Security researchers have discovered new safety failures that affect Apple devices with M2 or A15 chips and from now on. . Vulnerabilities, folded Slap and flop and first reported by Bleeping computerI could allow attackers to read information on the open web tabs of a user. Depending on the eyelashes that you have opened, this could put data such as passwords and bank information at risk.
This is not a software problem, but rather a hardware defect that affects CPU and leaves them vulnerable to lateral channel attacks. This type of exploit measures the activity of the CPU and uses factors such as energy consumption, time and sound to infer information about user behavior. He Specter and Meltdown The 2018 defects worked similarly.
It is quite complicated, but the important part is that it makes it possible for the attackers to have their hands in confidential information even when it is correctly protected by the software that its PC is executing. The cause of these weaknesses is not purely an Apple problem, it is a performance optimization used in most modern CPUs.
Computer programs are only a long series of instructions that the CPU executes, but because there are many different results to cover, these instructions expand in all types of different branches. “If A then x, if B, then do and” or “If a occurs, return to point X”, in a large program, millions of decisions like these happen to progress.
To accelerate things, now it is a standard practice to predict which route should take the CPU and start running instructions later. In this way, more work can be done at the same time, instead of all the instructions waiting for their turn in the right order.
This optimization is called speculative execution or prediction of branches, and because it is based on predictions, it is not always going well. It is when the predictions are counterproductive that we obtain these hardware vulnerabilities that attackers can take advantage of.
The complete names of the new defects are “data speculation attacks by predicting the load address in Apple Silicon (SLAP)” and “break the CPU Apple M3 through false loading predictions (flop)”. Both essentially cause the same problem, but although Slap is limited to the safari browser, Flop also works with Chrome.
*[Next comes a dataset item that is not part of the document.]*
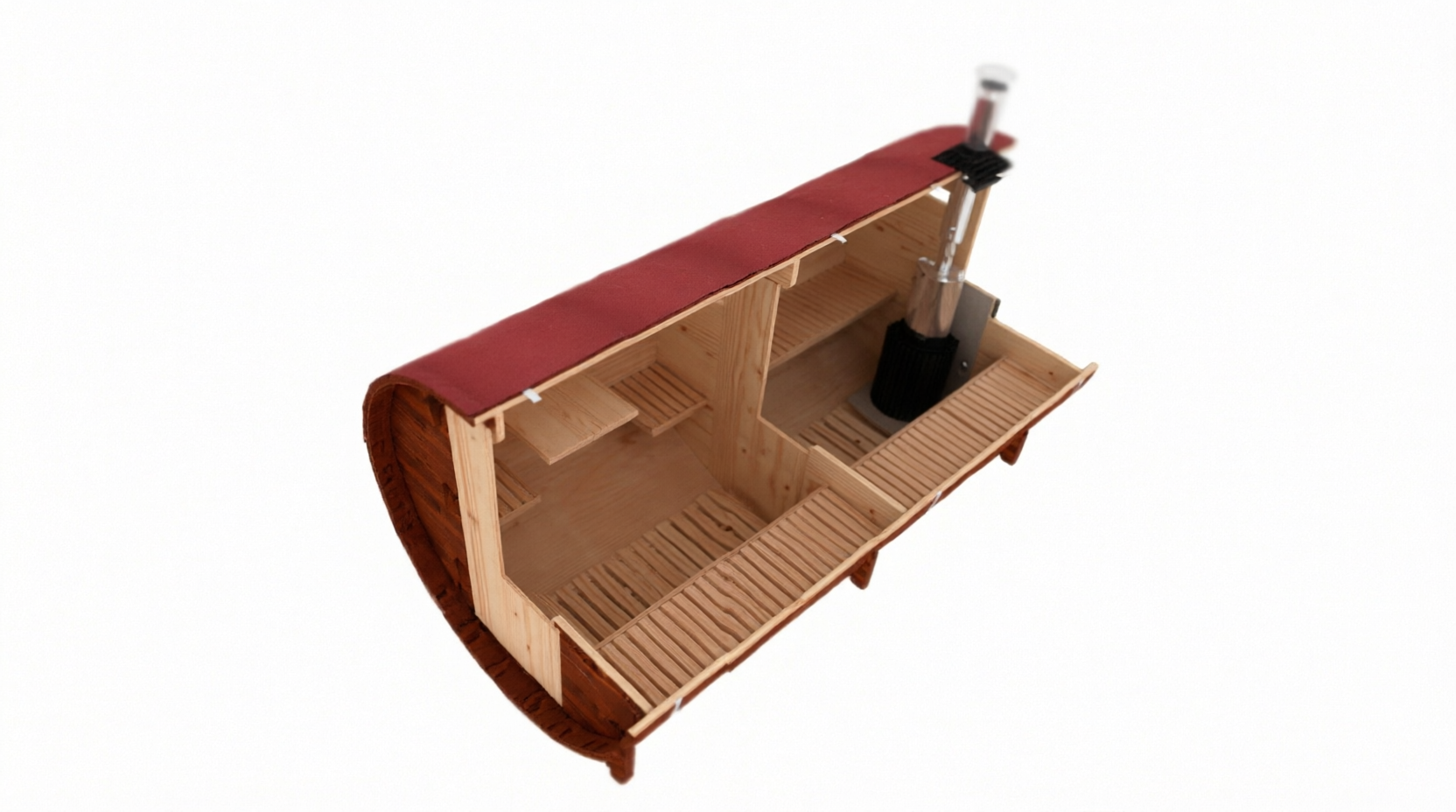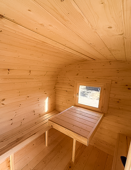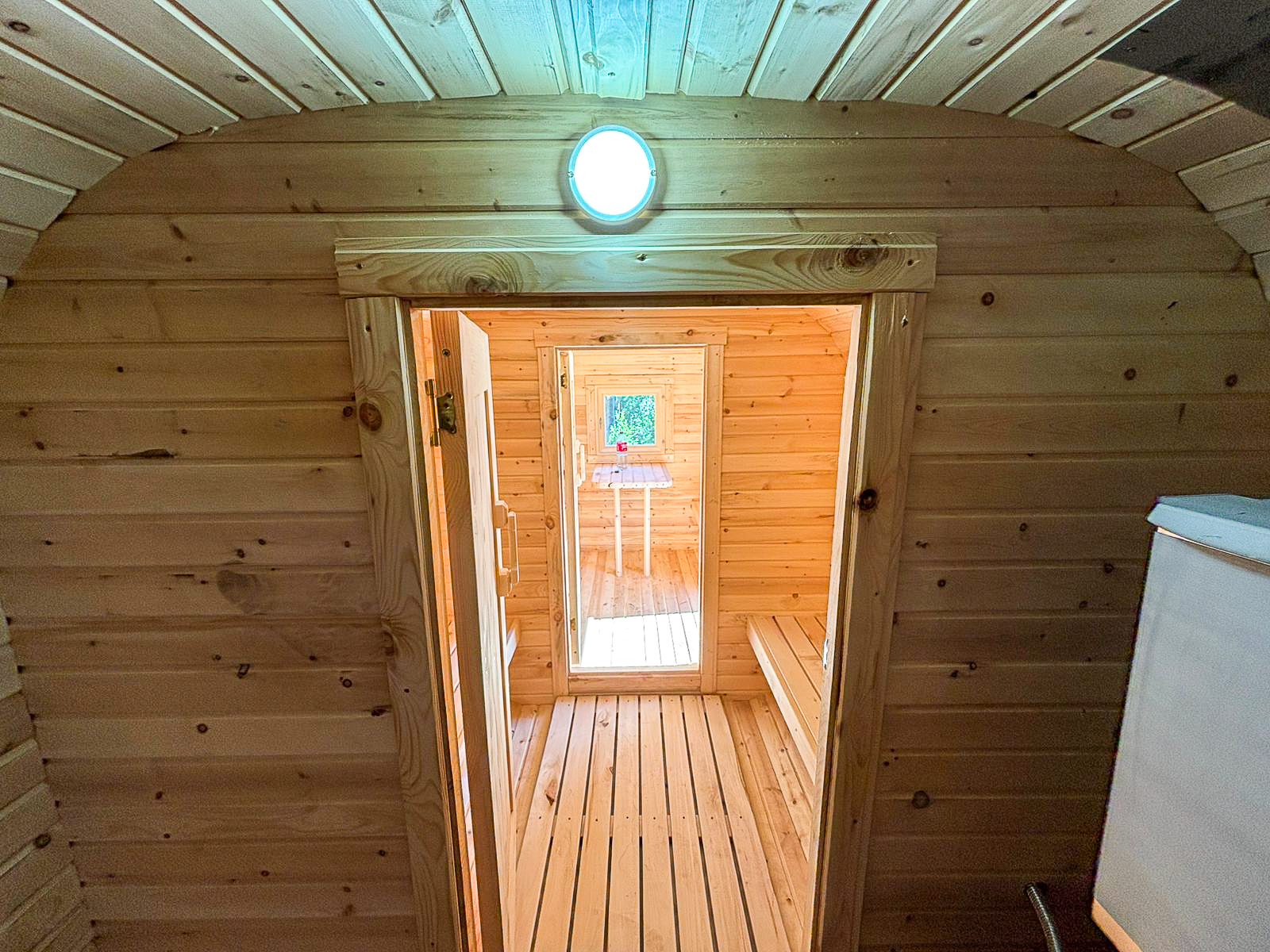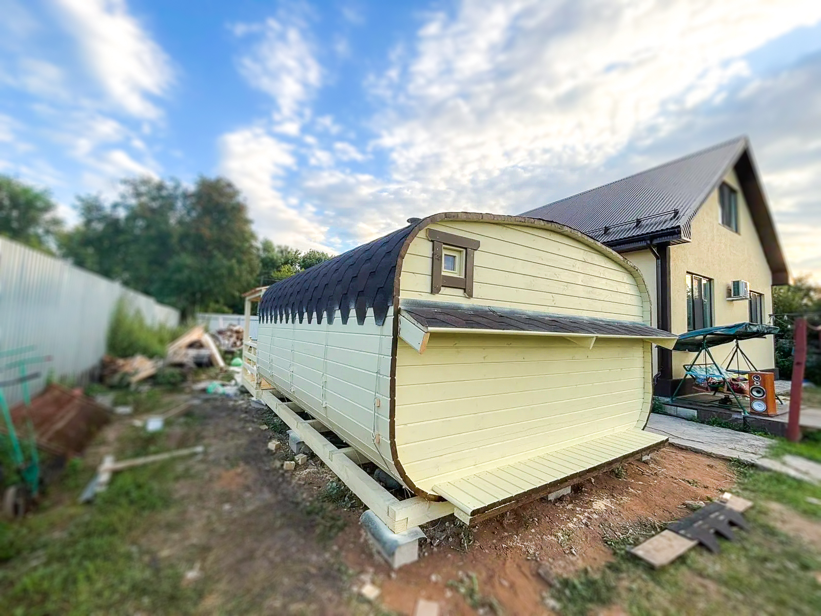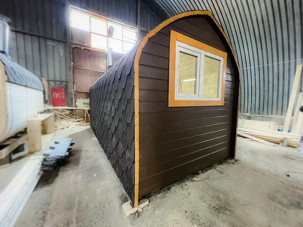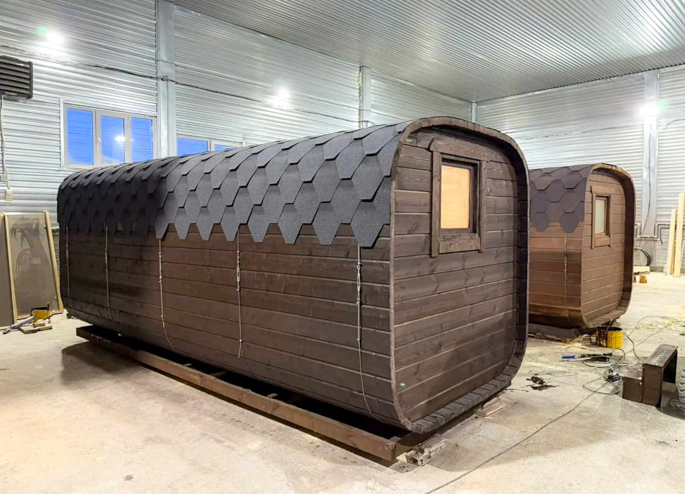 - Высота: 2,5 м снаружи / 2,3 м внутри — просторнее стандартной бочки;

Research demonstrates with demonstrations that attacks based on these defects are possible, but there is no evidence that cybercriminals use them at this time. The researchers shared their findings with Apple last year and said the company He replied, stating that he plans to address the problems. However, months have passed and since the documents have been published, Apple’s only official comment (A Bleepingcomputer) is this:
“ According to our analysis, we do not believe that this problem poses an immediate risk for our users. ”
Although these attacks do not involve malwareThey still begin with a visit to a malicious website. As always, the best way to protect until we receive security updates is to be careful with suspected links and URLs while sailing.